Herniated Disc in the Cervical Spine: Neck pain is extremely common and sometimes that pain is caused by a slipped disc. Whiplash from a car accident is a common cause of cervical disc herniation. A herniated disc in the cervical spine is characterized by:

  • Sharp pain or soreness in the neck or shoulders
  • Radiating pain that travels into the arms or hands
  • Aching or burning pain
  • Feeling of pins and needles in the arms
  • Pain when you turn your head
  • Headaches or pressure at the base of the skull

Herniated Disc in the Thoracic Spine: A herniated disc in the thoracic spine is the most uncommon and usually caused by acute injury or accident.

Patients often complain of:

  • Pain in the mid-back
  • Pain between the shoulders
  • Chest pain
  • Shortness of breath
  • Tingling or pins and needles
  • Weakness in the mid back
  • Sharp pain or aching
  • Pain while coughing or sneezing

How is a herniated disc diagnosed?

After a complete medical history review and clinical examination, patients suffering from symptoms associated with a herniated disc are often sent for imaging.

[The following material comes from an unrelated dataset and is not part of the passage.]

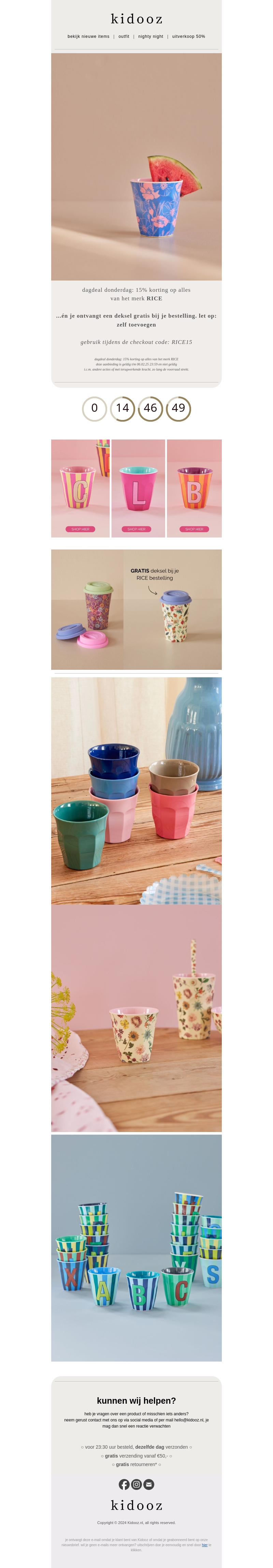 Duik in de wereld van RICE bekers bij Kidooz met een exclusieve 15% korting. Een breed scala aan kleurrijke en unieke designs wacht op jou. Ontvang bovendien een gratis deksel bij je bestelling. Mis deze geweldige deal niet en verfraai je keuken met deze prachtige bekers. Vergeet niet je korting toe te passen met de aangegeven code.
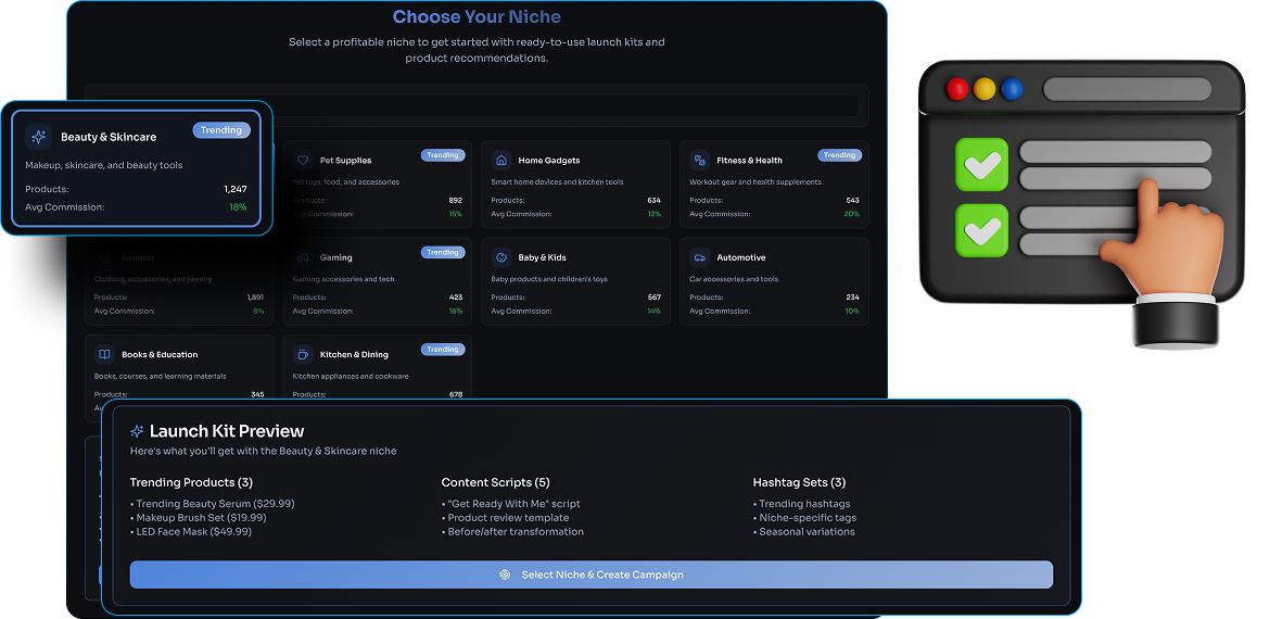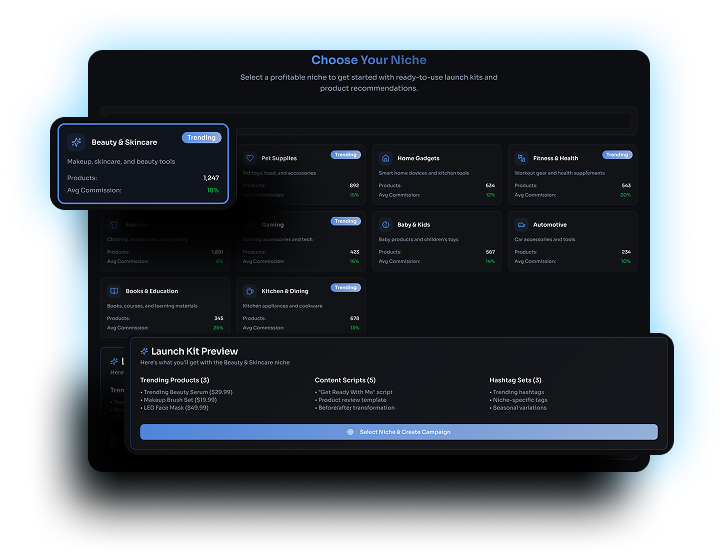 Don't waste time choosing a niche. Start with our battle-tested categories: Beauty, Pets, Home Gadgets, Fitness, Tech, Mom & Baby, Fashion, Kitchen, Outdoor, and more. Each comes pre-loaded with trending products and ready-to-use scripts so you can launch Day 1.

An MRI, CT scan and X-ray are the most common imaging tests used to diagnose a slipped disc.

How is a herniated disc treated?

Treatment for a herniated disc depends on the pain associated with the problem. Many people who suffer from slipped discs experience mild to no side-effects at all. Patients who do experience pain or discomfort are often prescribed conservative care and rest. Rest take the pressure off the spine and helps the disc to heal naturally. Conservative care treatments for herniated discs are as follows:

  • Heat and Ice
  • Physical Therapy
  • Stretching
  • Exercise
  • Chiropractic Care
  • Epidural Steroid Injections
  • OTC Medication such as ibuprofen to reduce inflammation
  • Muscle Relaxants to calm muscle spasms
  • Narcotics or Opioids short term as they can be habit forming and lose effectiveness over time as patient develops tolerance.